SV Someren
- Full name: Sportvereniging Someren
- Founded: 27 April 1944; 81 years ago
- Ground: Sports park De Potacker, Someren
- Capacity: 2000
- League: Tweede Klasse Sunday (Men's) (2021/22) Hoofdklasse (women) Sunday (Women's) (2021/22)
- Website: https://www.svsomeren.nl/
| Home colours |

= SV Someren =

Association football club in Someren, Netherlands

SV Someren is an amateur football club from Someren, Netherlands. Their home games are played at sports park De Potacker.

== History ==
The club was founded on 27 April 1944. In 1945 it received official recognition from the KNVB and started playing in the tweede klasse Noord-Brabant and in 1947 where promoted into eerste afdelingsklasse. In 1957 it where promoted into the Vierde Klasse for the first time. In 1994 Someren where promoted to the Eerste Klasse in 1996 it went back into the Tweede Klasse but where promoted back into the Eerste Klasse as unbeaten champions in 2002. From that year it played in the Eerste Klasse D district South II until 2009–2010. In the 2010–2011 season, it played in the Tweede Klasse H and where it were promoted again to the Eerste Klasse. In the following season it was promoted again to the Hoofdklasse after a season, where it finished rock bottom, it returned to the Eerste Klasse. In 2015-2016 it was relegated again back into the Tweede Klasse.
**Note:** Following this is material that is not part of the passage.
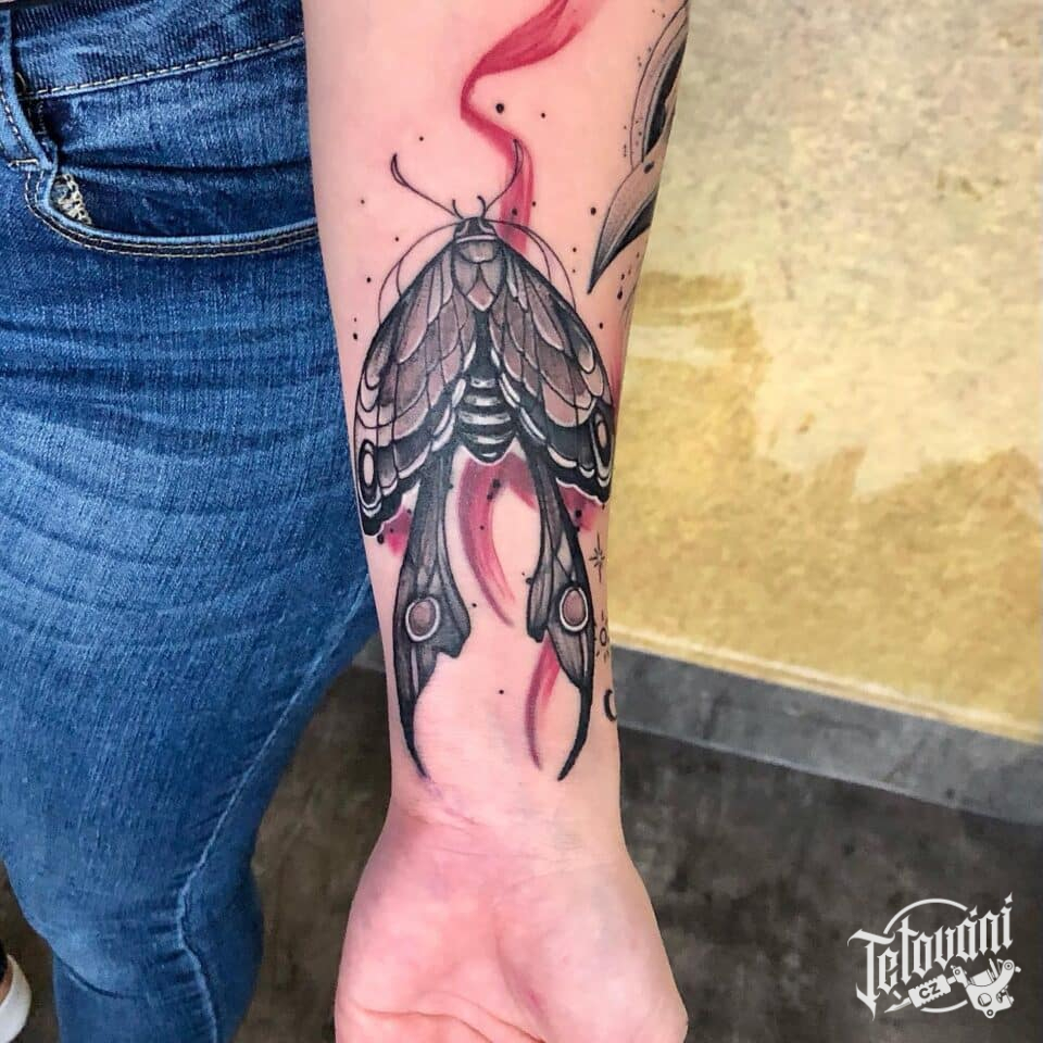 Tetování zvíře můra na předloktí

It promoted back to the eerste klasse for one season.

==Rivalries==
SV Someren's rival is NWC Asten. This match is known as the Kanaalderby. Each season also starts with the Ricus Verhees Cup, where the youth teams of SV Someren and NWC Asten compete against each other.

== Women ==
The first women's football team since the 2017/18 season plays in the same team as NWC Women's as ST Someren/NWC. In the first season it played in the Eerste Klasse, since 2018/19 in it has been in the Hoofdklasse Sunday.

Someren reached the First Division for the first time in 2003/04, where it sustained itself for five seasons. After three seasons in the Second Division, the First Division was again reached and after another three seasons the Hoofdklasse from which it was relegated in the third season (2016/17).